AN EXAMINATION OF HYDROXYL RADICAL: OUR CURRENT UNDERSTANDING OF THE OXIDATIVE CAPACITY OF THE TROPOSPHERE THROUGH EMPIRICAL, BOX, AND GLOBAL MODELING APPROACHES

Hydroxyl radical (OH) is the primary oxidant in the troposphere, initiating the removal of numerous atmospheric species including greenhouse gases, pollutants that are detrimental to human health, and ozone-depleting substances. Because of the complexity of OH chemistry, models vary widely in their OH chemistry schemes and resulting methane (CH4) lifetimes.
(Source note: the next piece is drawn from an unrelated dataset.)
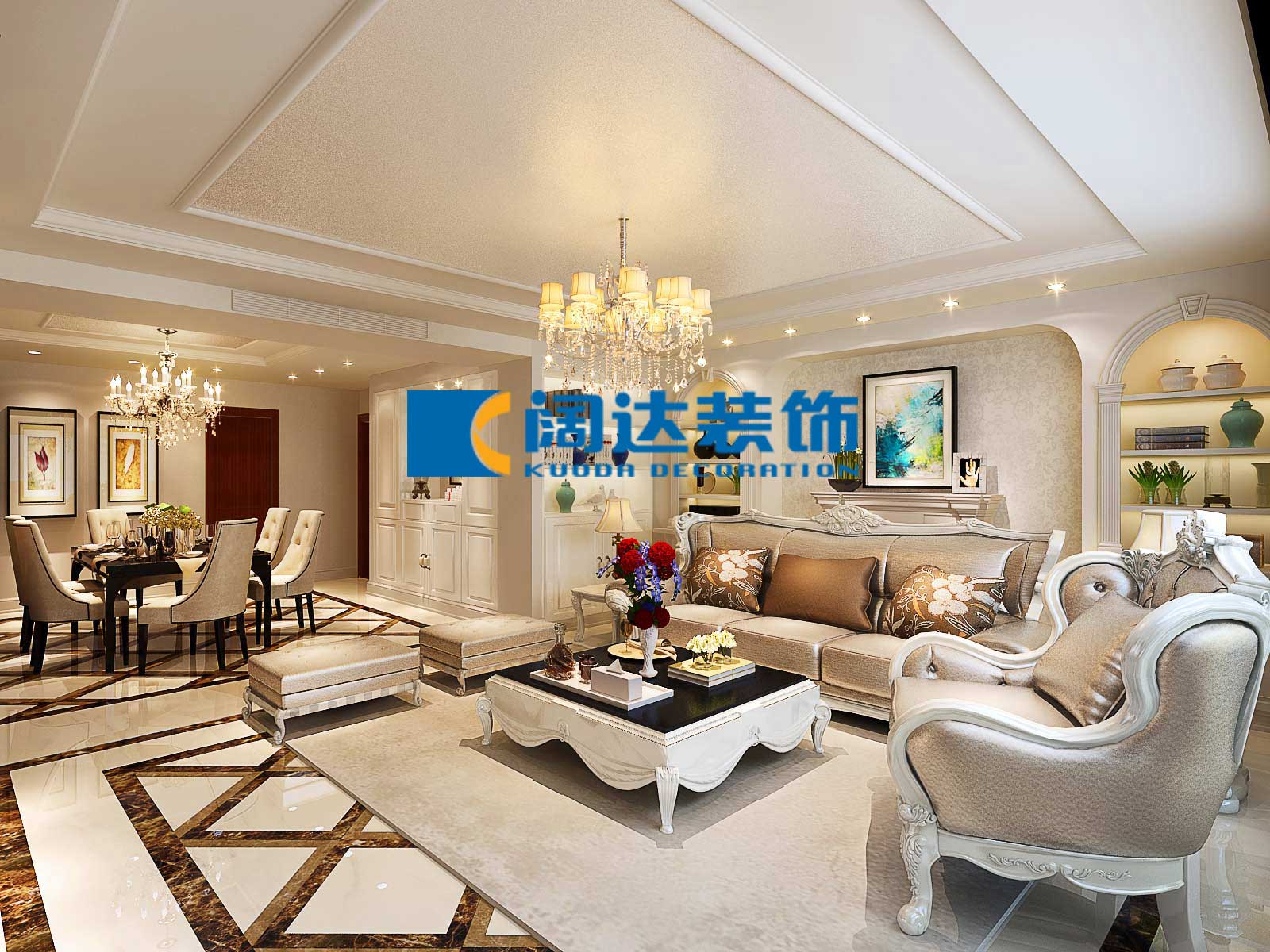 本案例采用歐式設計風格,通過整體色彩及家具的搭配營造自然、舒適、高雅的生活氛圍,此設計案例也在相當程度上表現出其居住者的品位、愛好和生活價值觀。

The current state of knowledge concerning global OH abundances is often contradictory. This body of work encompasses three projects that investigate tropospheric OH from a modeling perspective, with the goal of improving the tropospheric community’s knowledge of the atmospheric lifetime of CH4. First, measurements taken during the airborne CONvective TRansport of Active Species in the Tropics (CONTRAST) field campaign are used to evaluate OH in global models. A box model constrained to measured variables is utilized to infer concentrations of OH along the flight track. Results are used to evaluate global model performance, suggest against the existence of a proposed “OH Hole” in the tropical Western Pacific, and investigate implications of high O3/low H2O filaments on chemical transport to the stratosphere. While methyl chloroform-based estimates of global mean OH suggest that models are overestimating OH, we report evidence that these models are actually underestimating OH in the tropical Western Pacific. The second project examines OH within global models to diagnose differences in CH4 lifetime. I developed an approach to quantify the roles of OH precursor field differences (O3, H2O, CO, NOx, etc.) using a neural network method. This technique enables us to approximate the change in CH4 lifetime resulting from variations in individual precursor fields. The dominant factors driving CH4 lifetime differences between models are O3, CO, and J(O3-O1D). My third project evaluates the effect of climate change on global fields of OH using an empirical model. Observations of H2O and O3 from satellite instruments are combined with a simulation of tropical expansion to derive changes in global mean OH over the past 25 years. We find that increasing H2O and increasing width of the tropics tend to increase global mean OH, countering the increasing CH4 sink and resulting in well-buffered global tropospheric OH concentrations.